Flaming Lips reinvigorated in “Oczy Mlody”

Photo courtesy of the Flaming Lips

The experimental rock group the Flaming Lips released their new album “Oczy Mlody” on Jan. 13, their first solo release since 2013.

When asked how the group decided on the name of the album, Wayne Coyne, the lead vocalist and songwriter for the band, explained that the phrase was chosen solely for its sound. Though “Oczy Mlody” is Polish for “eyes of the young,” Coyne insisted that the group did not even know the translation of the words at first. Whether chosen incidentally or intentionally, the name is a perfect fit for the new album.

In contrast to Flaming Lips’ previous albums, which are largely dark space operas dealing with complex and serious themes of love and loss, “Oczy Mlody” is a full thematic and stylistic embrace of youth culture. A further departure from their earlier work, the new album is not a rejection of the mainstream; instead, it fuses the mainstream with the alternative. In fact, the album feels more like the work of an emerging indie-pop group, not a band formed in 1983.

The titular opening track sets the tone of the album as a whole. The complex electronic instrumental reminds one of the simple, ultra-modern house tracks played in malls, but a level of complexity elevates it. While the songs may sound similar to background music, they contain many overlapping layers and such musical complexity that they refuse to fade into the background. This album is background music for the foreground.

Many of the songs feel like dance music, but they would be impossible to actually dance to. The songs themselves would simply be too distracting, and this duality is key to the style of “Oczy Mlody.” On the album, the Flaming Lips are unpretentious, unassuming and understated, yet each and every track strikes the listener with intense depth and complexity.

The third track, “There Should Be Unicorns,” offers an image of a magical and fantastic future, a nihilistic world full of unicorns, “motorcycle stunts that always crash” and in which no one needs to answer for their actions. The song is, perhaps, a child’s idea of adulthood: a beautiful world of freedom and lawlessness.

At the same time, however, the song is infused with adult references to sex and drugs and is permeated by expletives. If the song were written as a hypothetical, it would be a child’s grievances about growing up and finding a world that differs greatly from the one he expected. Coyne does not, however, write the song as a hypothetical. Therefore, he seems to continue to cling to childish hope for an ideal world.
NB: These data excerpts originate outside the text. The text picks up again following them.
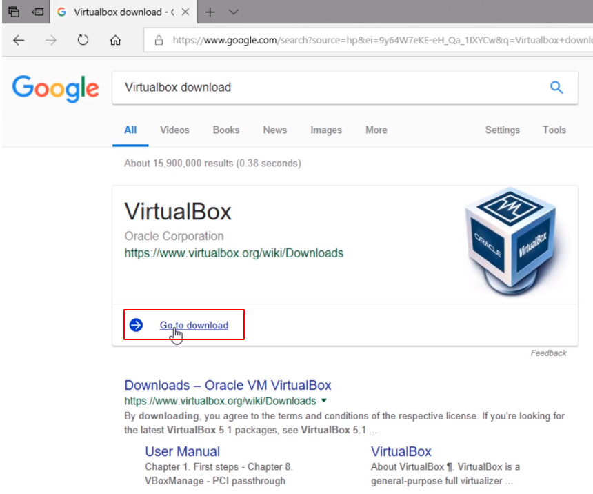 Ok, so we see VirtualBox and a link Go to download.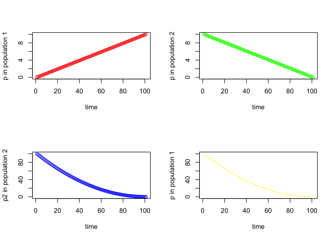 plot (seq_square_new, xlab="time", ylab ="p in population 1", type = "l", col = 'yellow')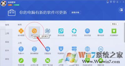 2、打开电脑管家选择工具箱,然后在第一行位置可以看到一个叫做电脑诊所的图标。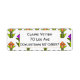 Estas etiquetas de dirección de retorno tienen un diseño art deco hecho de diamantes, triángulos y polígonos haciendo tulipanes en naranja y morado con tallos y hojas verdes.
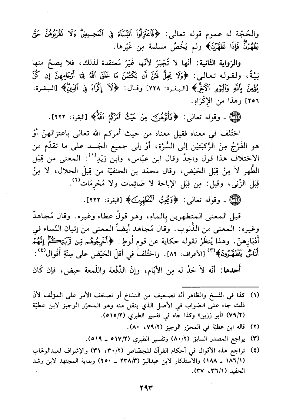 والجحة له عموم قوله تعالى: {فاعتزلوا النساء في المحيض ولا تقربوهن حتى يطهرن فإن تطهرن} ولم يخص مسلمة من غيرها.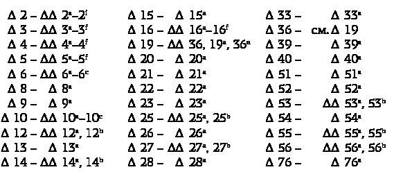Варианты: ΔΔ 2a, 6a, 8a, 10a, 12a–15a, 19a–23a, 25a–28a,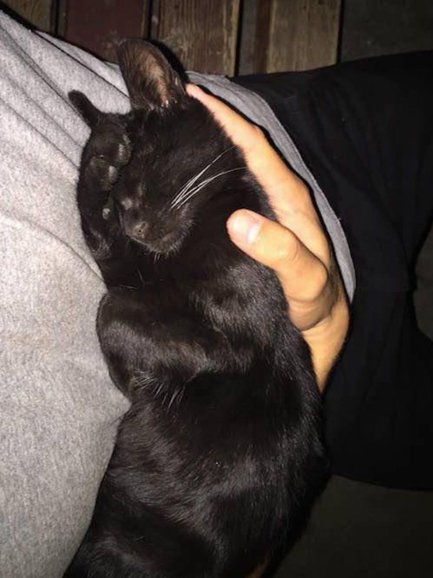 Καθώς ήταν στρατιώτης στη Ρουμανία, ένα μικροσκοπικό μαύρο γατάκι με λευκά μπαλώματα στο στήθος τράβηξε την προσοχή του Justin.

Much of the album wrestles with this theme: Coyne seems to be trying to find a way to accommodate youthful naïveté and enthusiasm with an adult reality.
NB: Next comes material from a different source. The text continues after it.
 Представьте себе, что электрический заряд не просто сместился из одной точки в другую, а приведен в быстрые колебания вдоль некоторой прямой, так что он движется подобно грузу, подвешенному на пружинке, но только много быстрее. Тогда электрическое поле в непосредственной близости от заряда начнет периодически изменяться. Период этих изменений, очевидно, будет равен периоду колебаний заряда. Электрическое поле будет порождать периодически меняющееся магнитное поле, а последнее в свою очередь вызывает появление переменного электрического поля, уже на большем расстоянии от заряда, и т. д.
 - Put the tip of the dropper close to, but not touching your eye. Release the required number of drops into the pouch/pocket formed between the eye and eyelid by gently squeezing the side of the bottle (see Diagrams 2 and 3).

Coyne and his band cement this orientation of the album around youth and its integration with or replacement by adulthood in “How??,” a track which treats the classic rock ’n’ roll notion of everlasting youth with both reverence and irony.

In his version of Pete Townshend’s iconic line — “I hope I die before I get old” — Coyne asks, “Are you with us, or are you burnin’ out?” In the next line, however, Coyne juxtaposes this idea with a call to “kill your rock ’n’ roll … sound,” shifting to the role of the aging older generation.

“How??” is not a statement about the direction that Coyne and his group are taking but rather an expression of the frustration and confusion of the aging Peter Pan. Coyne sums this struggle up in his desperate cry, “I tried to tell you, but I don’t know how.” He repeats this line throughout the song, and the sentiment reverberates through the entire album.

Viewed through the lens of the conflict between an adult reality and a desire to embrace youth, “Oczy Mlody” appears to be influenced by the Flaming Lips’ recent collaboration with Miley Cyrus on her experimental album “Miley Cyrus and Her Dead Petz.” On that album, Cyrus abandons her teen pop image and attempts to find a balance between her beloved youth culture and the musical maturity of the progressive rock movements of the past.

To accomplish this balance, Cyrus used the influence of the Flaming Lips to become more serious and experimental. In a reciprocal twist, the collaboration had the opposite effect on Wayne Coyne and his band. The group has discovered its youth again and, in the process, taken a new artistic approach.

Listening to the Flaming Lips’ album is not merely taking in a series of songs but rather experiencing the reinvigoration of an aging band in real time.

This constant musical innovation is what has made the Flaming Lips so well-respected, and “Oczy Mlody” is no exception to the group’s long tradition of excellence. The Flaming Lips have reinvented themselves again, and the album with which they have done it may well be the best of their career.